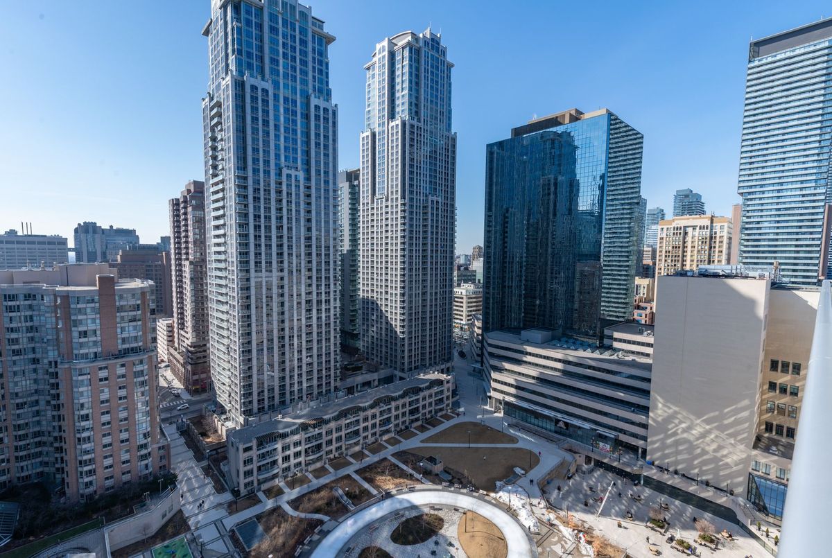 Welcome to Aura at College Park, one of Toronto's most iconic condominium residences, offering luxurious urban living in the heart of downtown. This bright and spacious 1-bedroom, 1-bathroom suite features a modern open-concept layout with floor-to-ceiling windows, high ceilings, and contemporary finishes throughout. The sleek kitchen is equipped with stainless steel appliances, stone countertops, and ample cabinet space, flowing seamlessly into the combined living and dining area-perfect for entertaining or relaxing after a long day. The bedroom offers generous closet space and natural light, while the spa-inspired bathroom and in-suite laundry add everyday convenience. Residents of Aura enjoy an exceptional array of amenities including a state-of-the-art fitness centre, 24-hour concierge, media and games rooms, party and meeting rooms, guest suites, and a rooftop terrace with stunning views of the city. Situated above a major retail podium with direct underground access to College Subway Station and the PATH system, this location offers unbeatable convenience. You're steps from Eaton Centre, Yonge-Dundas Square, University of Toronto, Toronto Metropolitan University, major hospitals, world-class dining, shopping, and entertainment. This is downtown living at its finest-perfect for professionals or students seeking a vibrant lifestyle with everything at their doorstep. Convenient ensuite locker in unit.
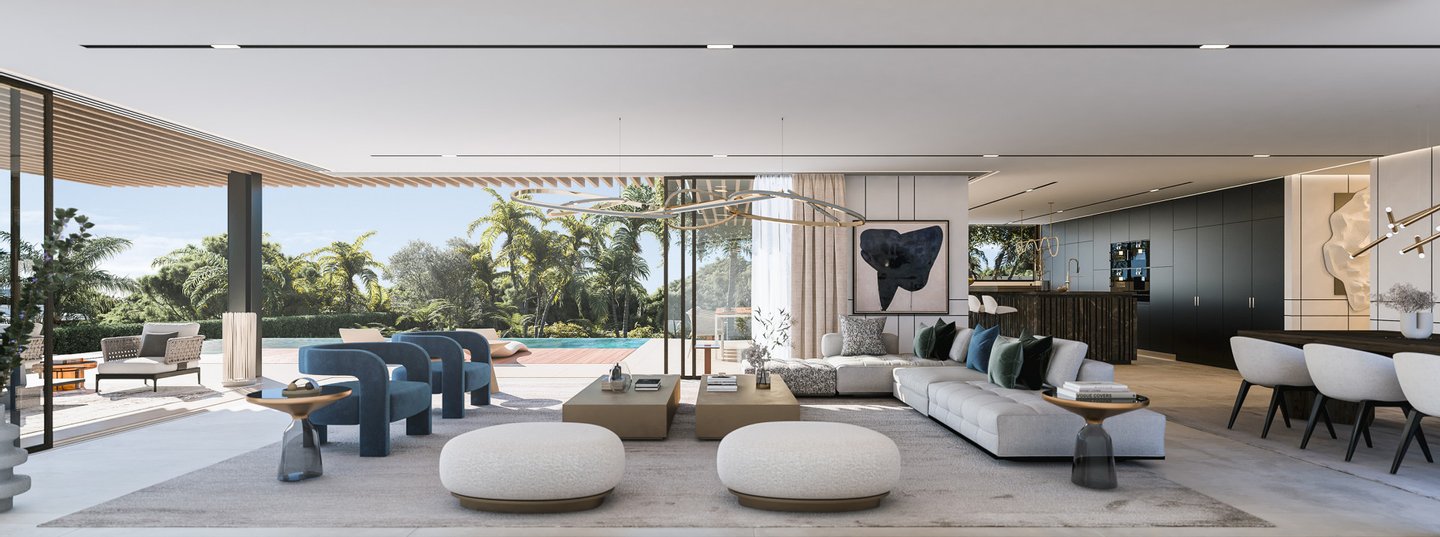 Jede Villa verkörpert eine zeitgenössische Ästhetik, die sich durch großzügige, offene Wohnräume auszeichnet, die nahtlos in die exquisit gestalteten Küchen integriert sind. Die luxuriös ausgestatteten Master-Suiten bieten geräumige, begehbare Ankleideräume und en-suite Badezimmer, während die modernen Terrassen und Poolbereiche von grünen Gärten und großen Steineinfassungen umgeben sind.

==

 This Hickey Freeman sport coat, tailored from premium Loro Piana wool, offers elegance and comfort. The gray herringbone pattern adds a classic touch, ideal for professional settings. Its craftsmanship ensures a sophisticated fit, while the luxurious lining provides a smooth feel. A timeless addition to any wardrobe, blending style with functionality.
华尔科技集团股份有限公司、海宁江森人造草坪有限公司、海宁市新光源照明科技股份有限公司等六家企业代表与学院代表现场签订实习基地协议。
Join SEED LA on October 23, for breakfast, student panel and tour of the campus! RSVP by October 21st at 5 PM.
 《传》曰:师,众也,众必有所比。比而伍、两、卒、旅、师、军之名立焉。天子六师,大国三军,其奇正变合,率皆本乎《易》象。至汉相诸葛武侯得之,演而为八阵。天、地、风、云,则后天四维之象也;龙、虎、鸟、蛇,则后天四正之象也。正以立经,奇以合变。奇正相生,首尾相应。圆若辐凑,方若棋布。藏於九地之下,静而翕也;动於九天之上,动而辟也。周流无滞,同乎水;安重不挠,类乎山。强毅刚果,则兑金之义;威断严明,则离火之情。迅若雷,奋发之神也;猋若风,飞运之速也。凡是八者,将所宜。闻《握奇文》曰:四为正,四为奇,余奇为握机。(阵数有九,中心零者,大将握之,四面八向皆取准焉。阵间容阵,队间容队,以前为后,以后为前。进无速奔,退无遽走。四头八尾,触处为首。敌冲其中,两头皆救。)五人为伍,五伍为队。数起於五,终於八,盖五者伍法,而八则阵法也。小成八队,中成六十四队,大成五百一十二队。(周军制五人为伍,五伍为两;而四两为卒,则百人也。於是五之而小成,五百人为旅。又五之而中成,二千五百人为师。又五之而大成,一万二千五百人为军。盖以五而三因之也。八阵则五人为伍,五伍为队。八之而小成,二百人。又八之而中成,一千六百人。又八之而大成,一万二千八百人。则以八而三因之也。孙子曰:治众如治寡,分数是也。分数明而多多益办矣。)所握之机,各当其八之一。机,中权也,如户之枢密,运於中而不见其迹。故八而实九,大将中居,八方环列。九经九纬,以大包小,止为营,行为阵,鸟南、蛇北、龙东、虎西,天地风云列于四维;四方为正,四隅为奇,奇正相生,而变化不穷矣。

> _Exercise instructions_: What you give back must be the stretch above, starting at the line with "华尔科技集团股份有限公司、海" and ending at the line with "Join SEED LA", copied exactly.

> _Finished task_:
华尔科技集团股份有限公司、海宁江森人造草坪有限公司、海宁市新光源照明科技股份有限公司等六家企业代表与学院代表现场签订实习基地协议。
Join SEED LA on October 23, for breakfast, student panel and tour of the campus! RSVP by October 21st at 5 PM.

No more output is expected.